Tanzen in New York
Schon mehrmals war ich zum Tanzen in New York. Wer bei früheren Broadwaystars trainieren möchte, bei Ballettlehrern mit Rang und Namen, bei Meistern des Steptanz oder die neuesten Trends im Hip Hop sucht, der ist richtig in dieser pulsierenden Stadt. Die großen Studios verfügen über mindestens 6 Tanzräume, in denen von früh morgens bis spät abends Unterricht in den verschiedensten Bereichen und Niveaustufen abgehalten wird. Manhatten ist nicht New York, doch dort spielt sich für den Tanztouristen alles ab.Das "Broadway Dance Center" ist inzwischen in der 322 West 45th Street. Wenn man Glück hat, kann man bei David Howard Ballett trainieren. Er ist inzwischen ein alter Herr, aber nun mal Legende. Moderne Tänzer lieben Finis Jhung, der in einer ganz eigenen Art Ballett unterrichtet. Im Step ist natürlich Barbara Duffy angesagt, auch wenn man schon vorher weiß, dass man bei ihr den Rythmus wieder vorsingen muss. Bev Brown ist nicht nur eine super Hip Hop-Lehrerin, sie hat auch schon jede Menge tolle Musikvideos choreographiert. Mein New York-Aufenthalt ist schon eine Weile her, deshalb haben inzwischen viele Lehrkräfte gewechselt. Doch die Atmosphäre ist sicher noch dieselbe: professionell und doch locker.
Das zweite große Studio ist das „Steps on Broadway“. Wie der Name sagt liegt es immer noch am Broadway. Im Ballett gefiel mir besonders Robert Atwood, seine Art ist sehr angenehm. Zena Rommett, die Erfinderin der Floor Barre steht immer noch auf dem Stundenplan, doch ob sie in ihrem Alter tatsächlich noch unterrichten kann, wage ich zu bezweifeln. Im Hip Hop kam ich vor allem bei Jay T. ins Schwitzen, beim Steppen beim ehemaligen Tap-Dog-Tänzer Gil Stroming. Bei ihm geht es recht laut und rockig zu, nichts für zartbesaitete. Das „Steps on Broadway“ ist im Vergleich zum „Broadway Dance Center“ etwas klassischer orientiert, hat nicht ganz so viel Hip Hop etc.

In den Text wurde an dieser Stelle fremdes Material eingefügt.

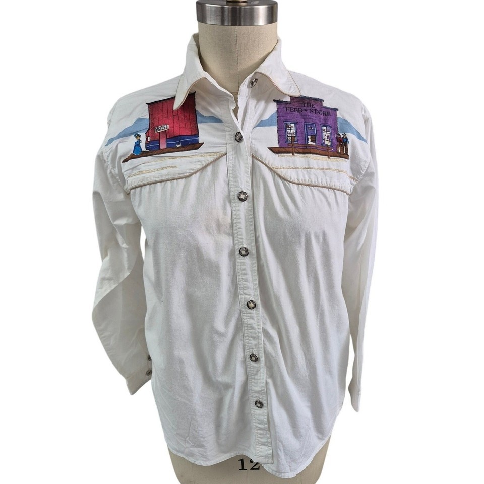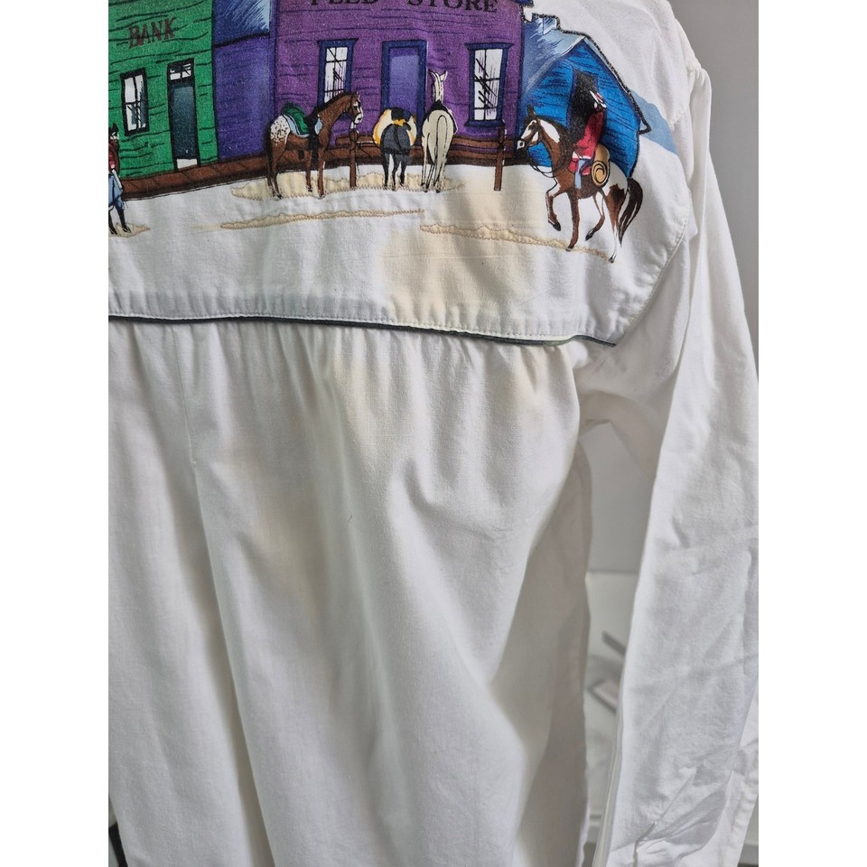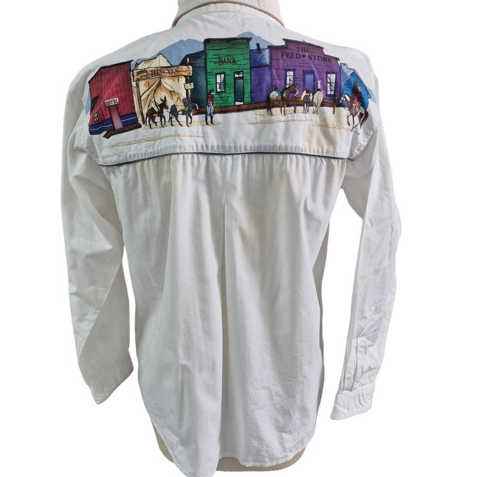 Vintage 80s 90s White Cotton Western Shirt - Cute Town Print - Womens M/L

Die Niveaustufen in den Tanzstunden sind in New York extrem hoch. Wenn man in Deutschland in Mittelstufenunterricht geht, sollte man sich nur in „Anfänger mit Vorkenntnisse“ wagen. Gewohnt hatte ich im West Side YMCA. Es liegt sehr zentral, direkt beim Central Park 5 W 63rd S, man ist überall schnell zu Fuß und es ist preislich einigermaßen erschwinglich.
Abends waren vor allem Musicals angesagt. Preislich sind die Eintrittskarten eher günstiger als in Deutschland, zudem gibt es Sparmöglichkeiten. Wenn man Glück hat, kann man kurz vor Vorstellungsbeginn einen Stehplatz ergattern, mit noch mehr Glück nachher für das wenige Geld auch noch von der Kartenabreißerin einen Sitzplatz zugewiesen bekommen. Ansonsten gibt es Karten im TKTS am Time Square, doch da braucht man viel Geduld, um anzustehen. Man braucht unbedingt gutes Schuhwerk in Manhatten, da man normalerweise große Strecken zu Fuß zurücklegt. Die U-Bahnen fahren zwar oft, aber jede Fahrt kostet Geld und die Abstände zwischen den Haltestellen sind doch recht lang.
Sehr gut hat mir gefallen, spät abends durch die CD-Läden oder den riesigen Buchladen „Barnes & Nobles“ zu bummeln. Wenn man nachts um elf noch CDs durchhören oder in Büchern blättern kann, in aller Ruhe, das hat schon was. Nicht gefallen hat mir der ständige Lärmpegel. Rund um die Uhr Autolärm und Sirenen, kaum eine Möglichkeit, sich zurückzuziehen, das ist für ein Landei nur mit Oropax zu verkraften. Selbst im Central Park ist es immer laut. Doch im Botanischen Garten kann man etwas Grün und Ruhe finden und den Hasen und Eichhörnchen zusehen. Auch das gibt es in New York.